_The data:_
────────────────────
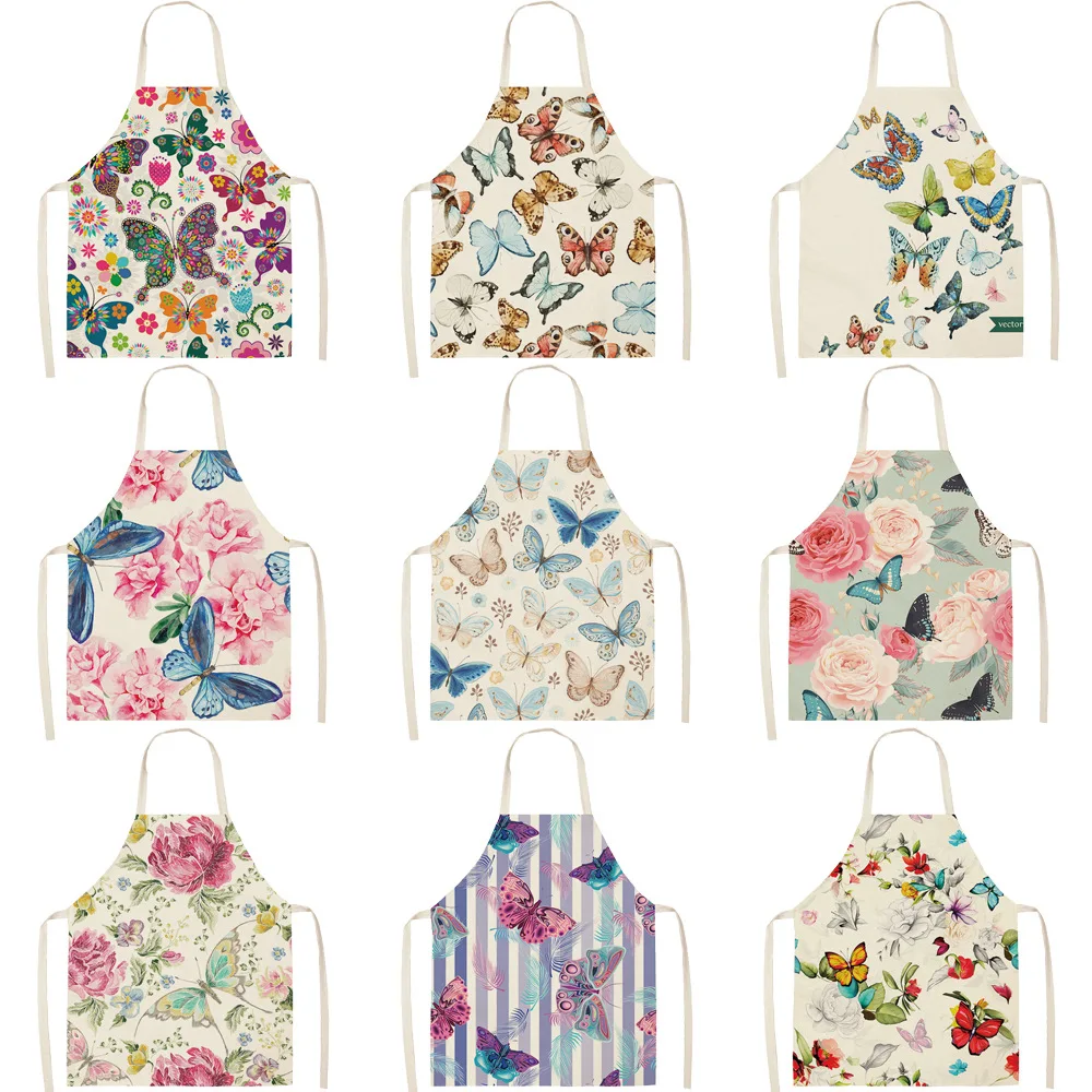Льняной Кухонный Фартук с бабочками и цветами для женщин, платье Kawaii, детские розовые садовые фартуки, аксессуары для приготовления пищи, домашний декор
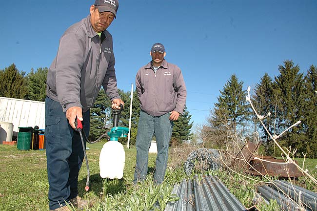 Jason Hamby, right, superintendent of streets, sewers and parks, looked on as his crew member Kent Harding recently tested a new, all-natural, vinegar-based spray to kill weeds without the use of synthetic chemicals at the public works headquarters at Sutton Farm. The Village is exploring alternative methods and products to conventional herbicides on public property this summer while a new pesticide policy is developed. (Photo by Megan Bachman)
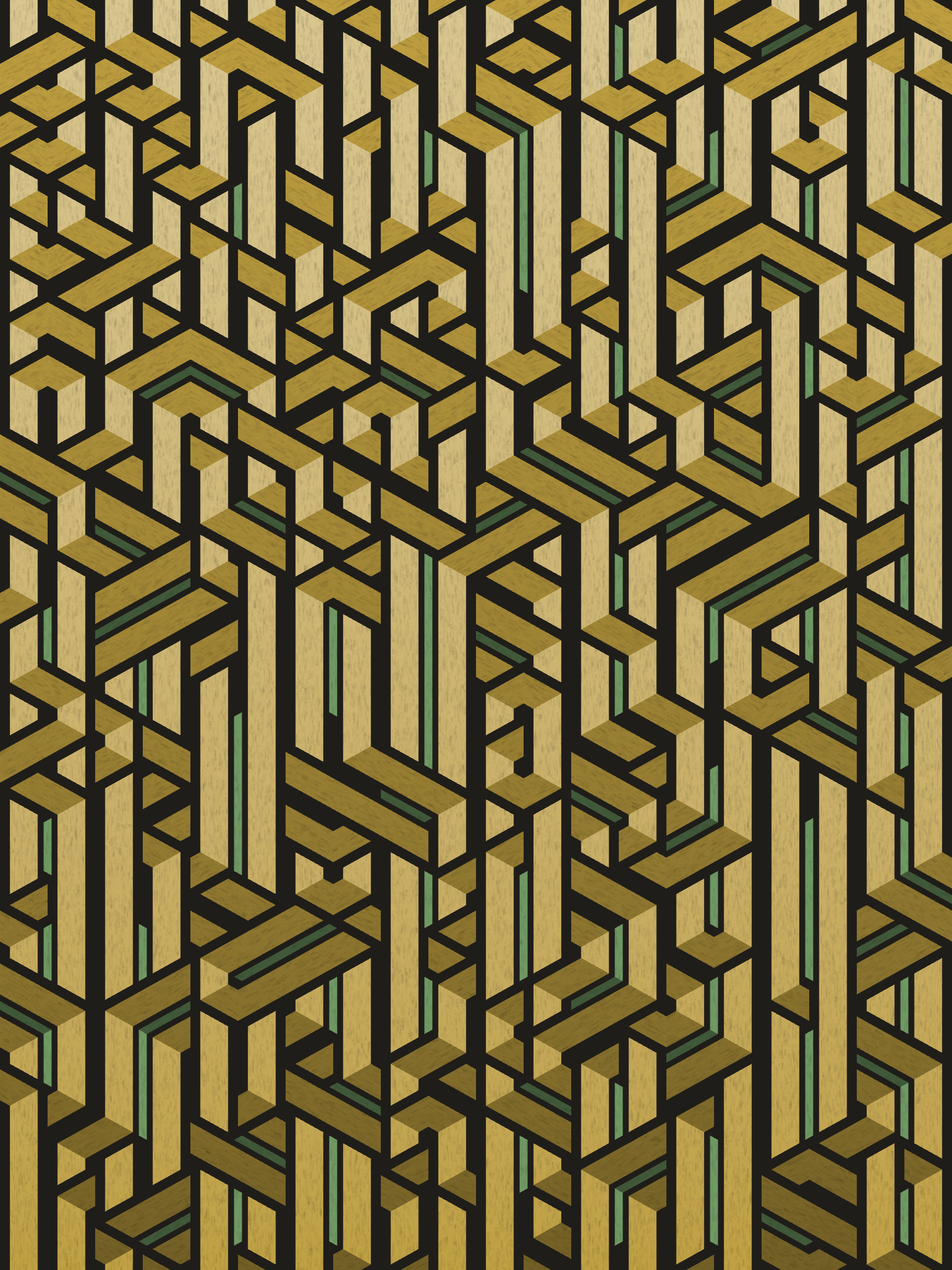 Lines are bent and shaded. There are no wrong turns. [Interaction in live view: press 1-7 or left/right arrow keys to see the stages of sketch construction: 1-grid, 2-divide, 3-tile, 4-bend, 5-shade, 6-color, 7-texture]
────────────────────
_Exercise objective:_
Instruction for this listing: copy it exactly, but leave the images behind.

_Response below:_
Льняной Кухонный Фартук с бабочками и цветами для женщин, платье Kawaii, детские розовые садовые фартуки, аксессуары для приготовления пищи, домашний декор
 Jason Hamby, right, superintendent of streets, sewers and parks, looked on as his crew member Kent Harding recently tested a new, all-natural, vinegar-based spray to kill weeds without the use of synthetic chemicals at the public works headquarters at Sutton Farm. The Village is exploring alternative methods and products to conventional herbicides on public property this summer while a new pesticide policy is developed. (Photo by Megan Bachman)
 Lines are bent and shaded. There are no wrong turns. [Interaction in live view: press 1-7 or left/right arrow keys to see the stages of sketch construction: 1-grid, 2-divide, 3-tile, 4-bend, 5-shade, 6-color, 7-texture]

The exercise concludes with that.